# Question about Gesso



## kauldron (Oct 17, 2011)

I was at the craft store yesterday and I was looking for Mod Podge but couldn't seem to find any. I did find a bunch of stuff called Gesso in the paint and canvas area. I guess artists use it on canvas as a prep but what I am wondering is can it be used like Mod Podge? I am wanting to make a set of old, spooky books for my mantle. This stuff goes for $35 a gallon and I didn't want to buy it then find out it doesn't work right. Has anyone ever used it before?


----------



## Headless (Sep 4, 2011)

I think you will find that not all gesso dries clear. So that would be something I would check first.


----------



## kauldron (Oct 17, 2011)

Hmmm....maybe I am confused. I haven't tried a book project yet but what I have seen on tutorials is people covering their projects in a type of white coating, which I thought was Mod Podge, before they began painting. It was some type of texture that kind of evened out the lines and cracks.


----------



## DreadKnightswife (Oct 16, 2011)

Modpodge can be used to stick items to something then painted over the top to protect it. There is indoor ans outdoor modpodge, something I discovered the hard way. I don't know what gesso is but I don't believe it was modpodge they were using to fill cracksn unless they were using it to fill cracks to preserve them.


----------



## Pumpkin5 (Aug 8, 2010)

:jol: Gesso is used as a primer for canvas so that you can use acrylic or oil paints on the canvas. I have used Gesso to prepare fabric for acrylic paints, when I made some Steampunk crows. You will still need to follow up with a sealer of some kind, but it does kind of "fill in" imperfections in what you are painting on top of.
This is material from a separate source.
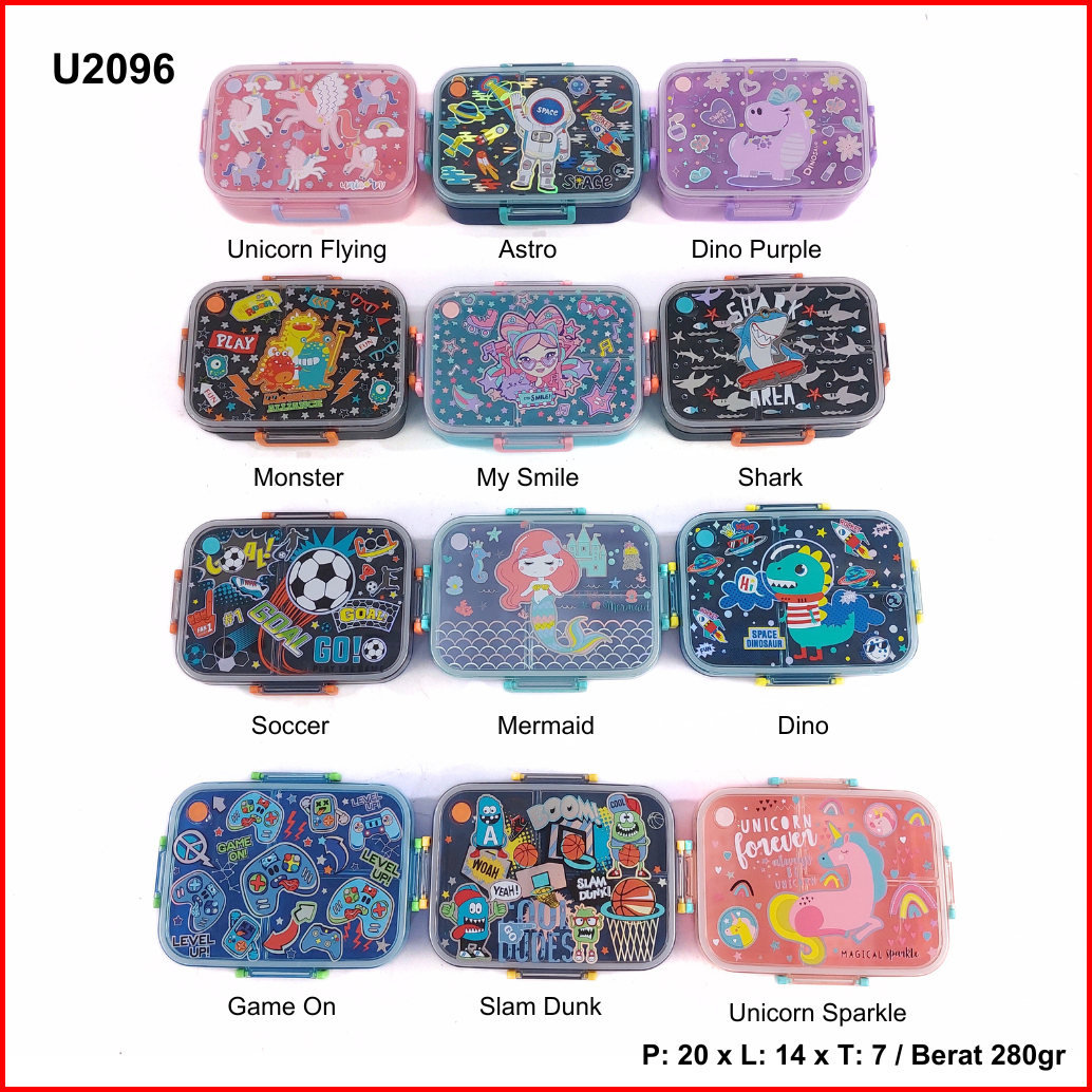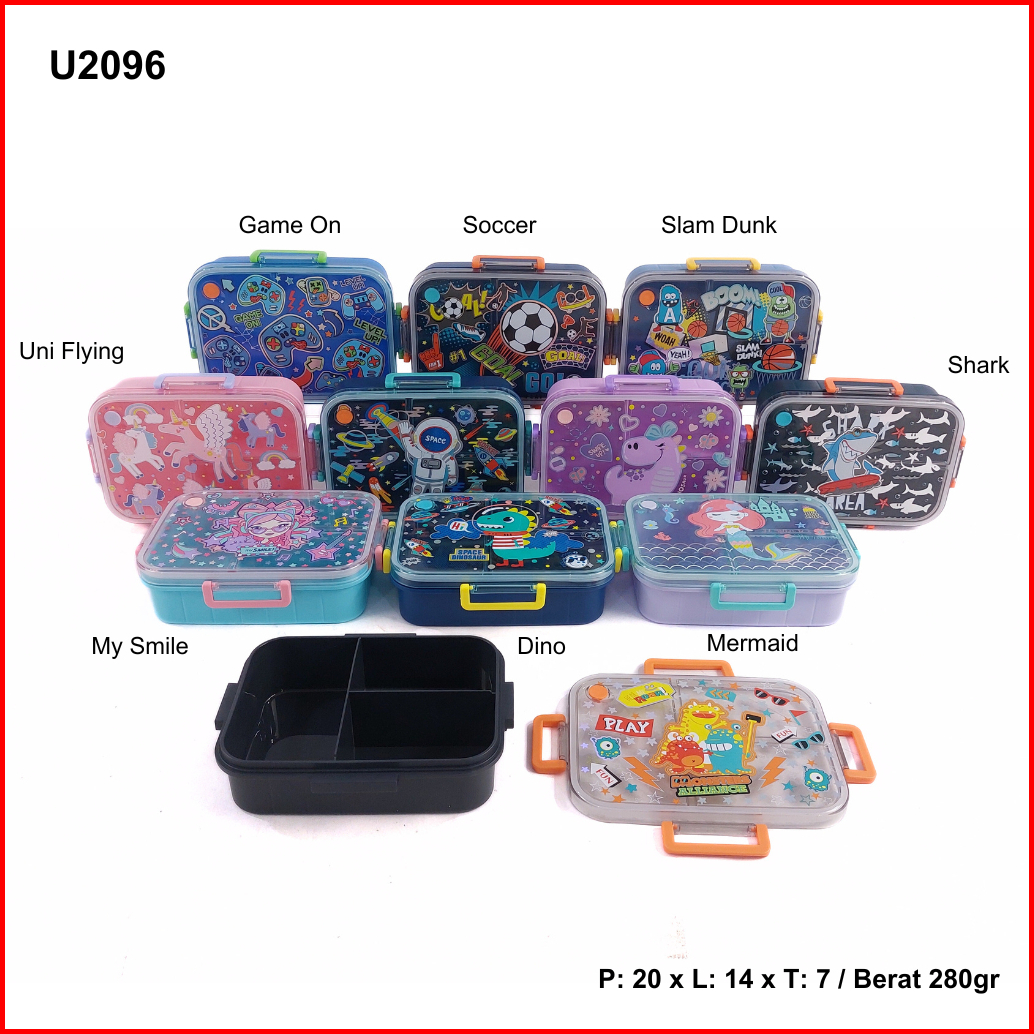 Bento Box U2096 Sekat 3 Motif Karakter Anak Tanpa Stainless
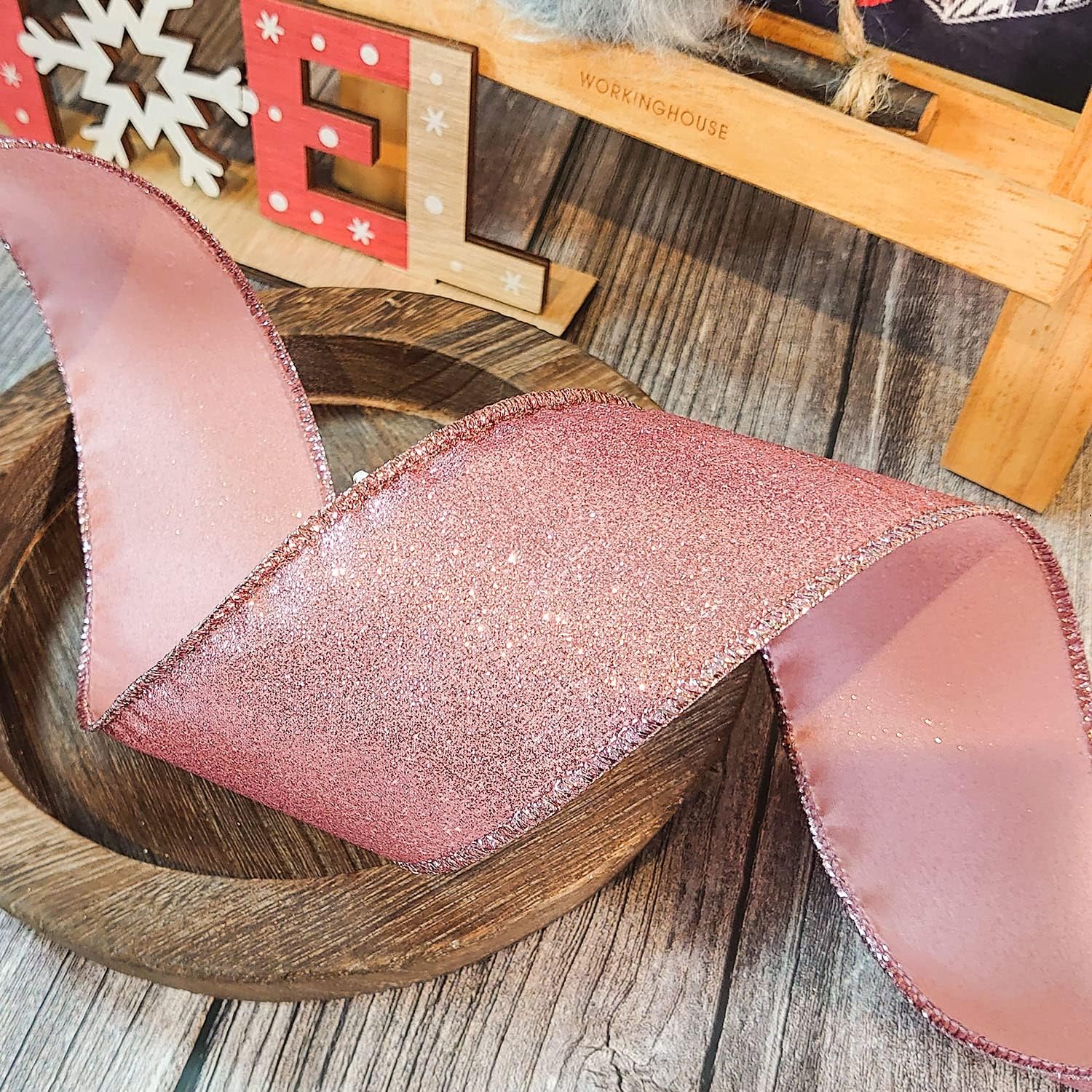 - GREAT WORKMANSHIP - Our Glitter Wired Ribbon 2.5" has a density weave so you won’t find any loose edges. You won’t find any fraying ends or loose strings anywhere, making our Glitter Wired Ribbon 2.5" rose gold color perfect for high-end and professional DIY works and Crafts.

I used the typical white gesso, and it worked fine, but there are "clear" gessos according to the "interweb" that you can use to thin acrylic paint with.  Hope that helps.


----------



## kauldron (Oct 17, 2011)

Thanks DKW and thanks P5, I think I am going to give it a shot, when I get around to it. I'll let everyone know how it turns out. The other product I was trying to come up with was Jaxsan, thanks Bascombe, but the gesso may work the same way. I'm gonna pick up a small bottle to try out first.


----------